Here's what nobody tells you about AI-assisted rapid prototyping: After six months and nearly 100 projects, I had to face an uncomfortable truth.

Every prototype feels like success. But is it really?

Why, You Ask?

Picture this: Me, armed with Claude, spinning up project after project like I'm some kind of coding machine gun. A productivity suite here, a file manager there, throw in some web scrapers, automation tools, data processors - you name it, I've probably built a prototype of it in the past six months.

Nearly 100 projects. The dopamine hits were insane. Every idea that popped into my head, no matter how half-baked, could become a working prototype in hours instead of weeks. The velocity felt otherworldly.
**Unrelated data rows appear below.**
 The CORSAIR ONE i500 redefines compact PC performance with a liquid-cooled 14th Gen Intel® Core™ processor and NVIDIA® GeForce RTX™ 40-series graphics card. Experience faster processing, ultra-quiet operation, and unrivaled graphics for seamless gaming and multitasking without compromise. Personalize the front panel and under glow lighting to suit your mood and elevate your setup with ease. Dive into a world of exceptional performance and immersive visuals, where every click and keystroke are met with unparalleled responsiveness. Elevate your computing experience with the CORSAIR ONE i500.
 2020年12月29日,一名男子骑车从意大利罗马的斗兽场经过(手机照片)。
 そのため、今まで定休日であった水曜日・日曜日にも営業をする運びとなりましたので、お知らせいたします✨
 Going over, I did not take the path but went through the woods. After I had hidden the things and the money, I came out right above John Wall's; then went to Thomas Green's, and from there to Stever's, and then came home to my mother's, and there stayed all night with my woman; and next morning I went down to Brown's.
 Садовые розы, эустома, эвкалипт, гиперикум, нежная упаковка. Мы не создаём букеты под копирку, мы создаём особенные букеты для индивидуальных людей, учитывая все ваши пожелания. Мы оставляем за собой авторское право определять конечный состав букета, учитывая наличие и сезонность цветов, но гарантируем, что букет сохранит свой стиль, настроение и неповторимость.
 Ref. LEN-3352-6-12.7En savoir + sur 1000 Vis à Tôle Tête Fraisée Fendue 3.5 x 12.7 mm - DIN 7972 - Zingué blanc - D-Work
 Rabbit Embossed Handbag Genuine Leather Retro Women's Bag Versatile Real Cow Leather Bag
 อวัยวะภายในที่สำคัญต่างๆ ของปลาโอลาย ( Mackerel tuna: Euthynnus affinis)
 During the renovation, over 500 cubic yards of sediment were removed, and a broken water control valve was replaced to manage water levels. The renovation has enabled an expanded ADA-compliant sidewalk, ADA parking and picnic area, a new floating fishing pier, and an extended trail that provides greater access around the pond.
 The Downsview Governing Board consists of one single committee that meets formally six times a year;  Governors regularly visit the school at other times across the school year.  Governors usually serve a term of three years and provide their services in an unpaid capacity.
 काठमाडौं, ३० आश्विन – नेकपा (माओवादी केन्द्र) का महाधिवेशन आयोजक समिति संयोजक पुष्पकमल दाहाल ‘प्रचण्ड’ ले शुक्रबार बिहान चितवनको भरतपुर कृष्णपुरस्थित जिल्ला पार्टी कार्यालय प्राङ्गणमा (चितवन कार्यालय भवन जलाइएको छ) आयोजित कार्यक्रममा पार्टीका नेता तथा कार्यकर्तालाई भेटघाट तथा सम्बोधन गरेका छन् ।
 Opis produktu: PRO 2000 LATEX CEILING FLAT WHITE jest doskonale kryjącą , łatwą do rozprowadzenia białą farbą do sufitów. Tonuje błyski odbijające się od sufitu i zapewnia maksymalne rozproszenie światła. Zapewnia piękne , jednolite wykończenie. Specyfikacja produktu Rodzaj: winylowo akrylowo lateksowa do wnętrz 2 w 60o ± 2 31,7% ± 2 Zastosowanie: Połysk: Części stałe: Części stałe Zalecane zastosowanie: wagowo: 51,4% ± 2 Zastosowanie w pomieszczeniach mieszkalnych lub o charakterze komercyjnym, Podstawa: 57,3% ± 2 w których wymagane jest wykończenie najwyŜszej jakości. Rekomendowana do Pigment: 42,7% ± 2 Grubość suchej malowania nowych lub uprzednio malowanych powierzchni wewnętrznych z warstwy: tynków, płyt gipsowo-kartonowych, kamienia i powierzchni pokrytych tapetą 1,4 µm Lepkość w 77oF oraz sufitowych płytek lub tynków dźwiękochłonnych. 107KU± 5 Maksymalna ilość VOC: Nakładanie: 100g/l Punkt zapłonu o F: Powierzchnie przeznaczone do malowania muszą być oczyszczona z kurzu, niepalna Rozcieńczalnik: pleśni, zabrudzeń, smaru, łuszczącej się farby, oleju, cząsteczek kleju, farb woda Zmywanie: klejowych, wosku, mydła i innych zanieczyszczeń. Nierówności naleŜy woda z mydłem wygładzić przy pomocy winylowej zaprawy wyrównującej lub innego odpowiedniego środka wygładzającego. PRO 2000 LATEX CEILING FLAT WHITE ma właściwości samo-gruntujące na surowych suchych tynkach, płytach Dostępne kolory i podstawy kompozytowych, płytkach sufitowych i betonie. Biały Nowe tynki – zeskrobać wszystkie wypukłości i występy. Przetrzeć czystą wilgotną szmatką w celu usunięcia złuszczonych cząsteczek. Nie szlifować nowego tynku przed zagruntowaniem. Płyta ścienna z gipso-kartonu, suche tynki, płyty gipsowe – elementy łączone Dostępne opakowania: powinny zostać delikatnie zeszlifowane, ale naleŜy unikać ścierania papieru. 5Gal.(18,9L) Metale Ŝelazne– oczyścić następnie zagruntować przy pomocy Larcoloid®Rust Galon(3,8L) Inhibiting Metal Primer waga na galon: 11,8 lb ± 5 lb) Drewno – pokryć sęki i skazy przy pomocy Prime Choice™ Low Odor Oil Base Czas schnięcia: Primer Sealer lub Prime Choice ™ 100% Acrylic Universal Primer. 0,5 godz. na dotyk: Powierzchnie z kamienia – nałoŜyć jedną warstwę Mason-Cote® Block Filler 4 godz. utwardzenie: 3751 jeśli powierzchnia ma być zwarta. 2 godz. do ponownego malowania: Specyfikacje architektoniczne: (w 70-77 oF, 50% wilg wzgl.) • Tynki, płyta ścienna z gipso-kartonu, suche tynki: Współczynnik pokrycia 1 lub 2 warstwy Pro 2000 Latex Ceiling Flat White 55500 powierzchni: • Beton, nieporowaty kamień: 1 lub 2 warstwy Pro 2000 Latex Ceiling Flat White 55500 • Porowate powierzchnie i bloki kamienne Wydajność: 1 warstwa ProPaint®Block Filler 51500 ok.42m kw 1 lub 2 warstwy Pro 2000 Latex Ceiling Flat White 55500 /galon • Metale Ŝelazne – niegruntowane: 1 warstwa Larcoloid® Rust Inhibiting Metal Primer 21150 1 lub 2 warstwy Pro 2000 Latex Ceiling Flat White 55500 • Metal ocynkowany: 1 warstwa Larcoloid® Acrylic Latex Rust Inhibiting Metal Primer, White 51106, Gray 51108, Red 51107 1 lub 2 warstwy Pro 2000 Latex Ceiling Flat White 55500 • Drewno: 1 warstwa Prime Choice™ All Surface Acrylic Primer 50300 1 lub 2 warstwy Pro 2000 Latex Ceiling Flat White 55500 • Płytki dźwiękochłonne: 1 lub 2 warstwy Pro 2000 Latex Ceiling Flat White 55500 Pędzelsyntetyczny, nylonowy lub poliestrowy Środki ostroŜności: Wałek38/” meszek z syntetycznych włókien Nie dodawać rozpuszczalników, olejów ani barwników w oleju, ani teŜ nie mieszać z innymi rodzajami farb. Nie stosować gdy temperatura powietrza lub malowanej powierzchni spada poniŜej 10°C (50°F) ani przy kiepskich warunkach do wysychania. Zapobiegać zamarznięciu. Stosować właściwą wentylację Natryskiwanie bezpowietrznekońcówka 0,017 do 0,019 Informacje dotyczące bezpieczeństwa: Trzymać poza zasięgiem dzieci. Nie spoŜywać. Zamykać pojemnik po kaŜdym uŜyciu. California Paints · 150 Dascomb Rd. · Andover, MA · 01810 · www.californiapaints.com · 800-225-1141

But here's the uncomfortable truth that took me way too long to acknowledge: Out of those nearly 100 prototypes, exactly ONE made it to production and actually launched.

One. Literally. One.

That project? mcp-windbg. And guess what made it special? It's the only one where I spent those classic, grinding hours sitting there, actually understanding every line of code, debugging the edge cases, and wrestling with the gnarly implementation details.

The Dopamine Factory

Let me be real with you about what those early days felt like. I'd wake up with some random idea - "What if I built a tool that automatically organizes screenshots by content?" or "I need a better way to manage my development environments" - and by lunch, I'd have a working prototype.

Six months ago, I was writing about vibe coding like I'd discovered fire. The euphoria was real - watching AI refactor entire codebases, generate complex implementations, solve architectural problems in seconds. I was living in that perfect state where "the barrier between thinking and implementing just got so much thinner."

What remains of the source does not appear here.